All the industry discusses #flygskam (flyshame), but even given sound studies disqualifying the topic, our own lobbyists fail to organize a concerted response to the case. Let’s have a reality check…

There were some reports recently on German television and in the media. German “Welt” (TV + newspaper) reported “Green (party) Demands: Climate Sin Domestic Flight? Abolition Hardly Saves CO2“.

The use of ships to travel from Scandinavia or Britain to Europe or crossing the Mediterranean I think I don’t need to remind of the extreme emissions of cruise and other ships?

Rail Greenwashing

But there was another article even more to the point: “Where there is a will there is not always a train“. But there are some issues that are unrealistic. The numbers of German Rail are biased and greenwashed. They claim to use only “Green Power”. But in fact, published by the German Federal Environmental Agency, their power comes from the public grid and no matter what “deals” they do, it is grid power. And on the grid, in 2018 only 16.6% has been “Green” (Source). The energy industry accounts for 85% of all Greenhouse Gases of which 98% CO2, the remainder being mostly Methane (CH4) and nitrous oxide (N2O) (Source).

The Myth about Green German Rail
[Image with Link added Oct.21]
So in fact, the amount of greenhouse emissions by German Rail are considerably higher than advertised. As a report from 2018 shows, we talk about up to 83% “dirty energy” on the “green” energy companies… So if we increase the “public” German Rail assumption of 36g per km (greenwashed) and adjust it to reality, we talk about +200 g/km. Suddenly the published 201 g for flights is not so bad at all!

But what also needs to be taken into account is the emission per passenger. Be it rail, in average used 22% only, whereas those passengers are mostly commuters, filling up the trains above their limits in the rush hours. That is not only true for the commuter but also the long-haul routes. This year, the long-haul trains’ punctuality was only 69.8%. For 2018, German Rail reported 16 routes operating above capacity – passengers finding no seat being just another annoyance, half of the delays are a result of those overused routes. That 20% of the trains are in (often unscheduled) repairs, toilets and air condition known to be out of service just being others. Just a reminder, the average load factor of flights according to IATA is about 85%.

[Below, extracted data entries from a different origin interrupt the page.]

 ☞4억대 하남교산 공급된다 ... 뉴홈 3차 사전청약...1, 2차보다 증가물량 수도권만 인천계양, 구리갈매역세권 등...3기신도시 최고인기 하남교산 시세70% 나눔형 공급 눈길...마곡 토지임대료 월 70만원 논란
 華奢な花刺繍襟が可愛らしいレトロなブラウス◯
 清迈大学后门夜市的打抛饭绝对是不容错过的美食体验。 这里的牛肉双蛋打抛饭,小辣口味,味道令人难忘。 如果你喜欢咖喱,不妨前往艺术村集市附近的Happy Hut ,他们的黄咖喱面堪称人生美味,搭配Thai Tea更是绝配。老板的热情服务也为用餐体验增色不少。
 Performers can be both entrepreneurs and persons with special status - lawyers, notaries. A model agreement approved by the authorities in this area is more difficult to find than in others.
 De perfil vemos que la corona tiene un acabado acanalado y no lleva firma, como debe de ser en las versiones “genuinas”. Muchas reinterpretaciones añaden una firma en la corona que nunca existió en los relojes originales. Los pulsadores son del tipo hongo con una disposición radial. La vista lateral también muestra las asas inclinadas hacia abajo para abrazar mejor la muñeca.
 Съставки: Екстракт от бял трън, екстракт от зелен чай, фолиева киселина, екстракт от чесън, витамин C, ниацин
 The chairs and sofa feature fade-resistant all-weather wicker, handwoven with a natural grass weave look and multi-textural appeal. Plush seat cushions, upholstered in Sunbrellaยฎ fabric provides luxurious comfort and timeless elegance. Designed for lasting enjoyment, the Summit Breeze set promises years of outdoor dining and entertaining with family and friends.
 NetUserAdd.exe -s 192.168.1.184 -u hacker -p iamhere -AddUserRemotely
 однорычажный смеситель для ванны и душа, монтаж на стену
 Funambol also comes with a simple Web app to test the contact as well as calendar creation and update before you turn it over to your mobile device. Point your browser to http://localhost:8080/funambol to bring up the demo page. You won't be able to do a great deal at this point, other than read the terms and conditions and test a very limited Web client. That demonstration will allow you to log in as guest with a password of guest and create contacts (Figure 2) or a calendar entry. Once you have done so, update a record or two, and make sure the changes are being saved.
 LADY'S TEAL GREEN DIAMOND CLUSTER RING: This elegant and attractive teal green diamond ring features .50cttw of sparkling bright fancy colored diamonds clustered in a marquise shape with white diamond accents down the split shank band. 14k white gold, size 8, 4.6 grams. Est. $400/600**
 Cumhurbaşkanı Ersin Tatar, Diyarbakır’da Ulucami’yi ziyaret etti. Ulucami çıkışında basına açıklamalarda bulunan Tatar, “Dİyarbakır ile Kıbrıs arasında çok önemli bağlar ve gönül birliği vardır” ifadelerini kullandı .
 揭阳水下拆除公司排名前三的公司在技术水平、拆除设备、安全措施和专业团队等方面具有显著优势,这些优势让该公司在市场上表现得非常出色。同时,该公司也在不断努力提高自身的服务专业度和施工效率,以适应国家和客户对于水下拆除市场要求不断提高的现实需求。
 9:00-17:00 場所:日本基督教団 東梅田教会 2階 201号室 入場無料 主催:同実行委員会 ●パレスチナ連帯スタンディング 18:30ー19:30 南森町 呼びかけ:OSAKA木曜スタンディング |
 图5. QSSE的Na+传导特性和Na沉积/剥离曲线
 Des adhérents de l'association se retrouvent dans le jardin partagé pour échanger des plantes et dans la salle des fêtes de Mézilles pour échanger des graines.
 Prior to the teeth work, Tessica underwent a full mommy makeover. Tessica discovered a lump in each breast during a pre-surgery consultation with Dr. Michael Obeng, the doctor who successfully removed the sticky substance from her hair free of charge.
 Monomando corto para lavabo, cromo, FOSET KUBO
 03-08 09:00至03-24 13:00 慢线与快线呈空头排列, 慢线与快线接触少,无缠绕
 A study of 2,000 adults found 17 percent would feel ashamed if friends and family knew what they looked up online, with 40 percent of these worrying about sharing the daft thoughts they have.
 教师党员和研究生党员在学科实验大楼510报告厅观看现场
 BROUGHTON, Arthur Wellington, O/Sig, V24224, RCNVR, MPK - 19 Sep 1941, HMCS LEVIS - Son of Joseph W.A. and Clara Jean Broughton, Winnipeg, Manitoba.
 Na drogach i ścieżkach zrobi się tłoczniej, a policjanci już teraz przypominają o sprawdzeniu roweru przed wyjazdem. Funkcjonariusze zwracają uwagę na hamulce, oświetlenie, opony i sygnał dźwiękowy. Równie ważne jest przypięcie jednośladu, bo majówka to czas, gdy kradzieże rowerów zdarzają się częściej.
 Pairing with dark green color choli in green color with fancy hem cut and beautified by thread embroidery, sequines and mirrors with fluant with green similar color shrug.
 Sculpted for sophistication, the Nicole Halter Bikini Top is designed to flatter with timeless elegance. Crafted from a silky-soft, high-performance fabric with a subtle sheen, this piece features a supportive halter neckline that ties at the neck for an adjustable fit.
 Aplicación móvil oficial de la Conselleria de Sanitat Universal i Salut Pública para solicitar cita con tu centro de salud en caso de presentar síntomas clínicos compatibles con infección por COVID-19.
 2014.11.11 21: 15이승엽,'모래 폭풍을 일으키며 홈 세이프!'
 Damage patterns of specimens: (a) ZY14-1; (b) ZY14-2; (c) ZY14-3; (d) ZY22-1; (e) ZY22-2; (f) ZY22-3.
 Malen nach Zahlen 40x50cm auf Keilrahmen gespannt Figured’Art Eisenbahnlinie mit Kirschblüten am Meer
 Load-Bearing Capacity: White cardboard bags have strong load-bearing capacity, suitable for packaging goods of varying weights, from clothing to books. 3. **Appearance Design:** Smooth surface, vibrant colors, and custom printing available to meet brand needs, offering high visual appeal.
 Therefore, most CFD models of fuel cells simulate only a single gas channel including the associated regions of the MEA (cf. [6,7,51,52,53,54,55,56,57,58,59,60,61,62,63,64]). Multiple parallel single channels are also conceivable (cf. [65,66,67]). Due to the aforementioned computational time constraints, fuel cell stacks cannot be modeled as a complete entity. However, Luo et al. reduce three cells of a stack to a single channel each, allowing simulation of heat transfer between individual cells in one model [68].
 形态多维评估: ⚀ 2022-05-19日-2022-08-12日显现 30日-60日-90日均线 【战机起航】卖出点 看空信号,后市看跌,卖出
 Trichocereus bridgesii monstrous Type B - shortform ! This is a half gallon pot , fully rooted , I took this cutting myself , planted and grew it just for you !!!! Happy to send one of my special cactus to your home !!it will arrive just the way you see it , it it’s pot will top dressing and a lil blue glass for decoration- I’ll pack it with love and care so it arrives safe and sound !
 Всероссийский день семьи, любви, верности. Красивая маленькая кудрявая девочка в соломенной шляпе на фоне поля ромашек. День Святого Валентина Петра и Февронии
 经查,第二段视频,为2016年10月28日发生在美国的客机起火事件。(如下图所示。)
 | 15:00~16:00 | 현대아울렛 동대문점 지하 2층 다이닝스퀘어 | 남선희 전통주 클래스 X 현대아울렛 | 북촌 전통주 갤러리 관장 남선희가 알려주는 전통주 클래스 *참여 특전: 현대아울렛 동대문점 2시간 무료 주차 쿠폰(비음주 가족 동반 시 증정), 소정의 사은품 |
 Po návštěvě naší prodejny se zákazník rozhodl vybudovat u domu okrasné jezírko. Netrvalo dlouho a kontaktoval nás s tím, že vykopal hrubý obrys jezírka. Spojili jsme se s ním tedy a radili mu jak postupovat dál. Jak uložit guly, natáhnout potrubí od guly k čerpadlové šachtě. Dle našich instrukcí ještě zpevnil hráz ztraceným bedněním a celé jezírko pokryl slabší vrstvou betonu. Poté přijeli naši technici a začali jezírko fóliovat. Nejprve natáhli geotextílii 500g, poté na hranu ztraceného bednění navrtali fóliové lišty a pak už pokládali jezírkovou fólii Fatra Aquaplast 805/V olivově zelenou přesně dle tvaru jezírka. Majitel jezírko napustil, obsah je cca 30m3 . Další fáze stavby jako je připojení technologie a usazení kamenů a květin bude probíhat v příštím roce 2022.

e-Mobility: Battery Greenwashing

Given the devastating destruction of the natural environment in Lithium mining, I do not understand that politicians push forward battery-based e-Mobility. Using fuel-cell technology we can use the existing gas stations infrastructure. Refueling takes only about five minutes! And given a broad use will lower the prices and make the technology available on smaller cars too. They can even power scooters, so don’t tell me it doesn’t work for a compact car!

Instead they promote an ecologically catastrophic technology with a completely missing loading infrastructure…?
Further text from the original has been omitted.